Ordered that the judgment is affirmed.
Initially we note that the pretrial identification was not unduly suggestive. The victim was asked if she recognized anyone in the lineup and she immediately identified the defendant. She did not observe the defendant or the stand-ins prior to the lineup, and no suggestion was made as to whom she should select. As the arresting officer’s testimony as to these facts was sufficient, there was no need to subject the eight-year-old victim to giving testimony at the hearing. There is no automatic rule requiring that the complainant testify at a Wade hearing (see, People v Brown, 111 AD2d 928). Thus, suppression of the pretrial identification was properly denied.

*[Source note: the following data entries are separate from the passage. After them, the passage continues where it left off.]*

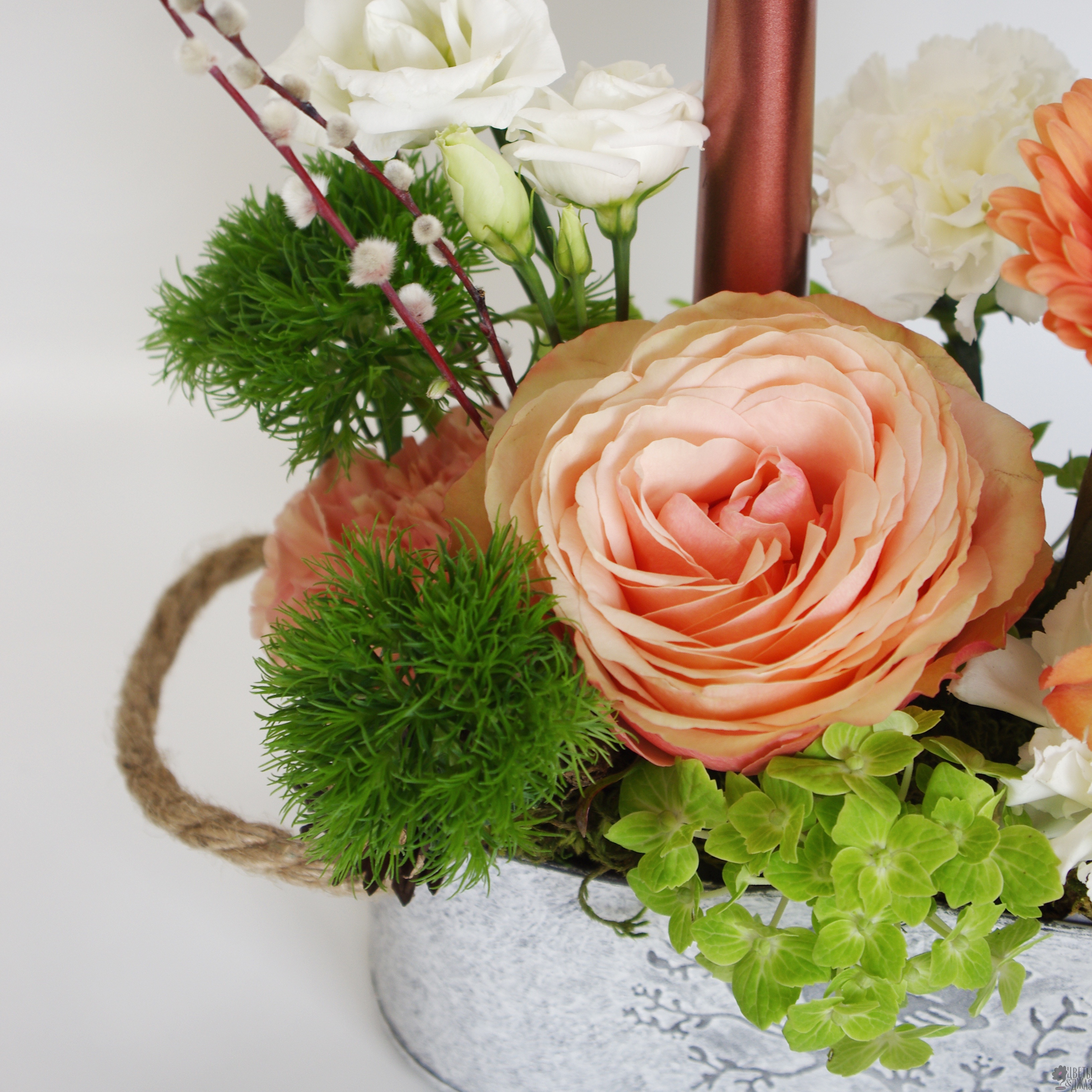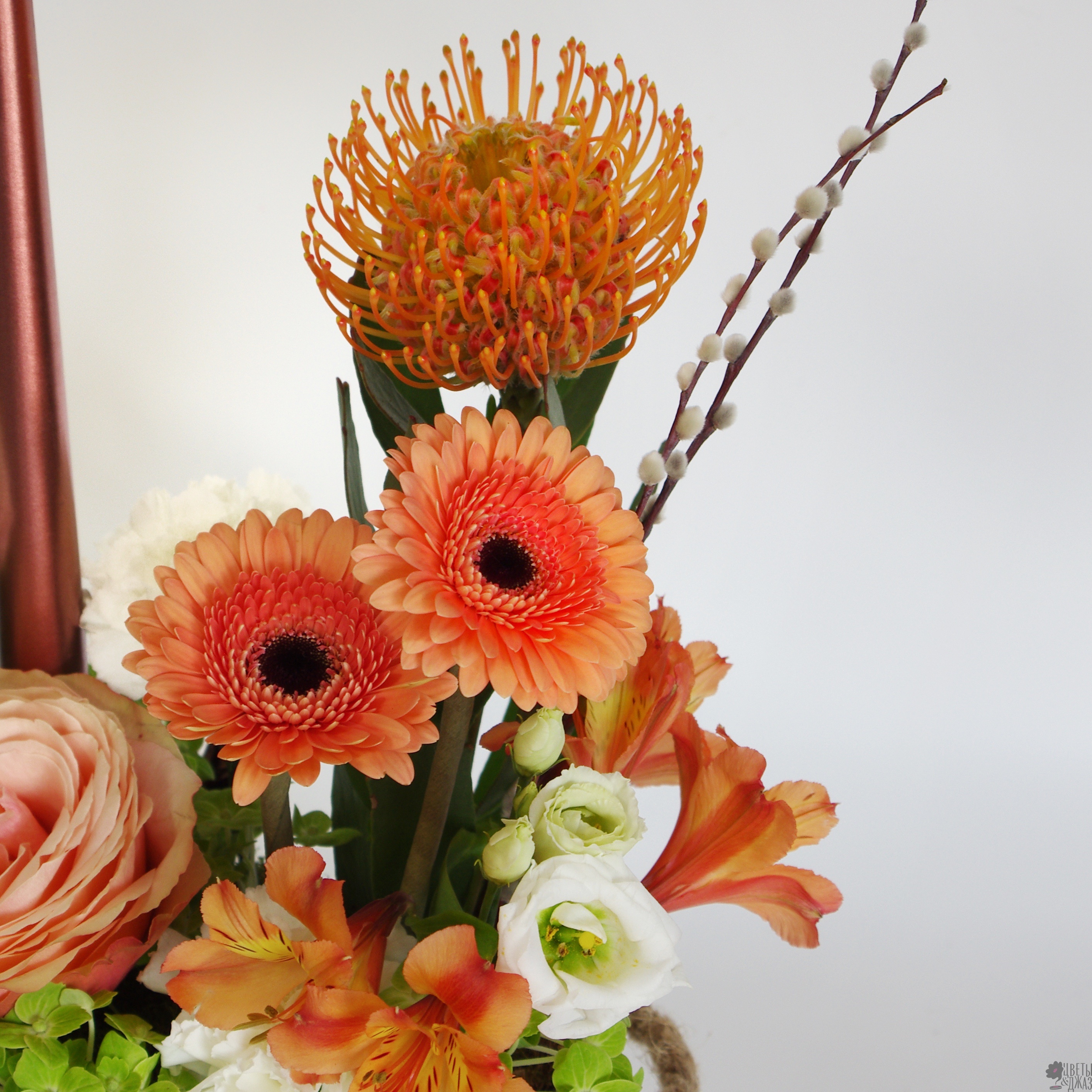 Гербера, Гортензия, Грин белл, Леукоспермум, Роза, Эустома
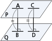 평행한 두 평면 중 한 평면 위의 점에서 다른 평면에 그은 수선의 길이를 평행한 두 평면 P, Q 사이의 거리라고 하고, 이 거리는 두 평면 사이 어디에서든 일정해요.
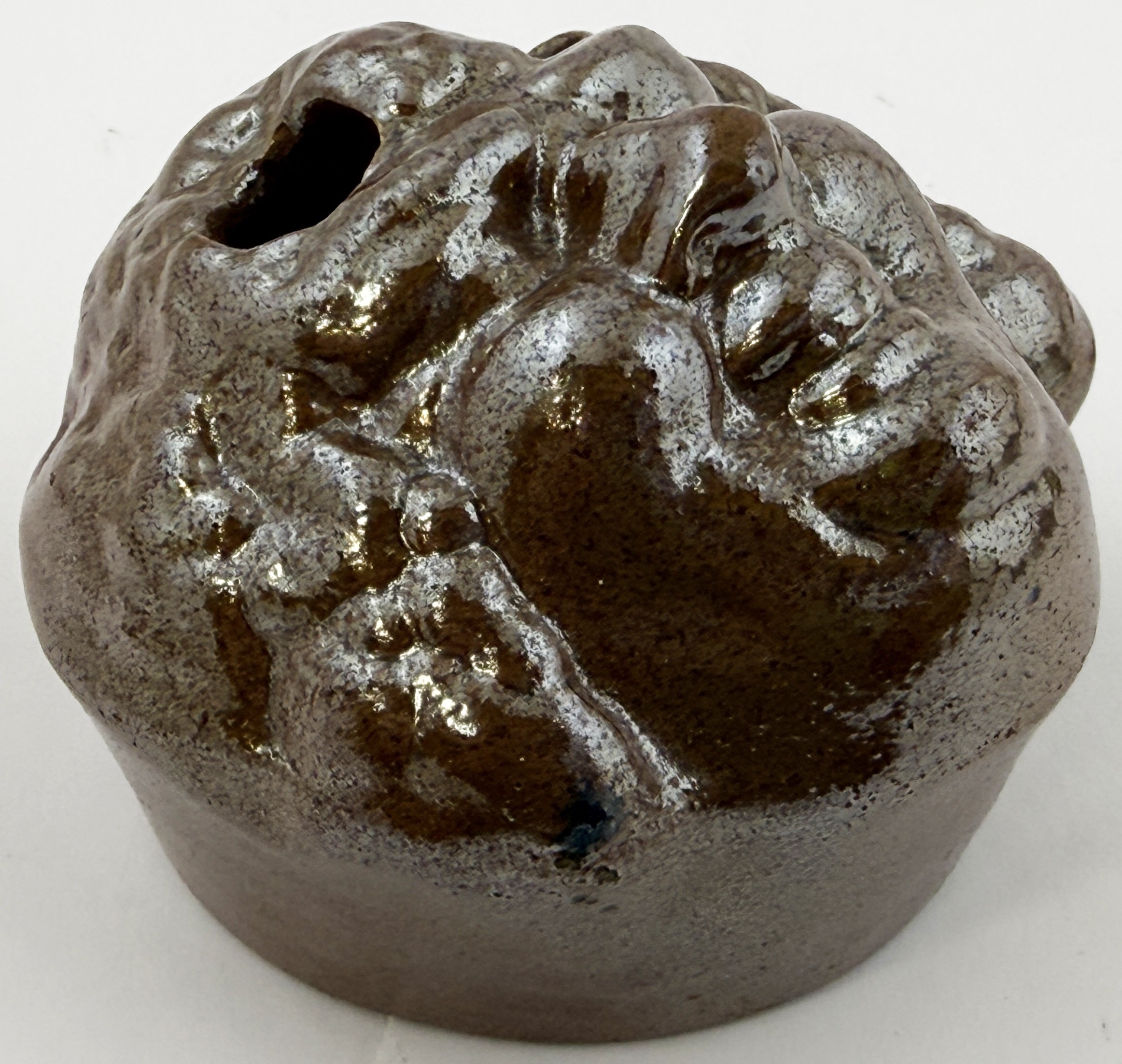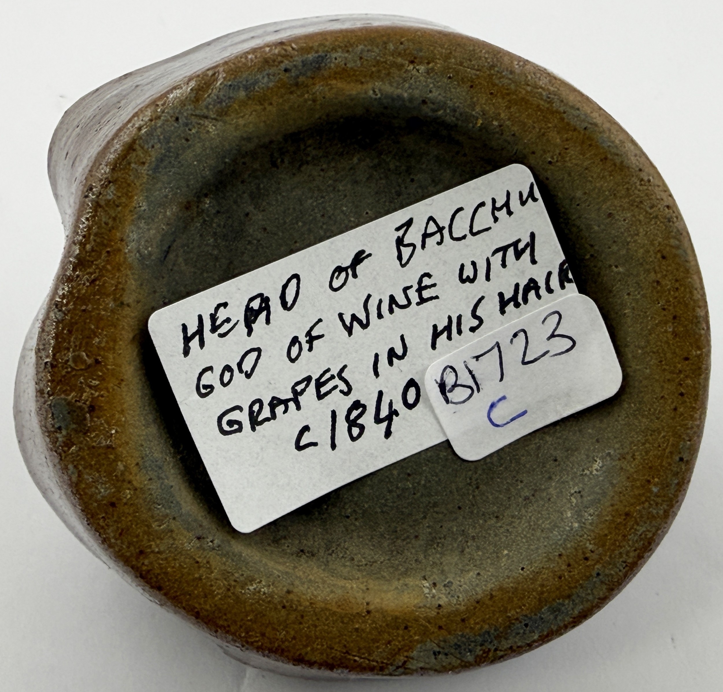 BACCHUS HEAD INK BOTTLE. 2.4ins tall. Shiny salt glaze ink modelled as Bacchus, Roman God of wine. Two quill holes to head. Excellent condition.

We find that the defendant voluntarily accompanied the police to the precinct and was not placed under arrest until he was identified in the lineup.
The assessment of the evidence and the witnesses’ credibil*742ity was a question primarily for the jury and we are satisfied that the evidence established the defendant’s guilt beyond a reasonable doubt and the verdict was not against the weight of the evidence (see, People v Jeffries, 125 AD2d 412, lv denied 69 NY2d 882; CPL 470.15 [5]).
We cannot accept the defendant’s argument that prosecutorial inquiry into the underlying facts of 9 of his 24 prior convictions was unduly prejudicial. Such evidence was relevant to impeach his credibility and to demonstrate that he consistently placed his interests above those of society (see, People v Allweiss, 48 NY2d 40; People v Duffy, 36 NY2d 258, motion to amend remittitur granted 36 NY2d 857, cert denied 423 US 861). As this case involved both direct and circumstantial evidence, we find no error in the court’s failure to deliver a "moral certainty” charge (see, People v Barnes, 50 NY2d 375; People v Benzinger, 36 NY2d 29).
The defendant’s final claim of error in the submission of a verdict sheet is not preserved for review (CPL 470.05 [2]), and we decline to reach it in the interest of justice. Mangano, J. P., Thompson, Bracken and Weinstein, JJ., concur.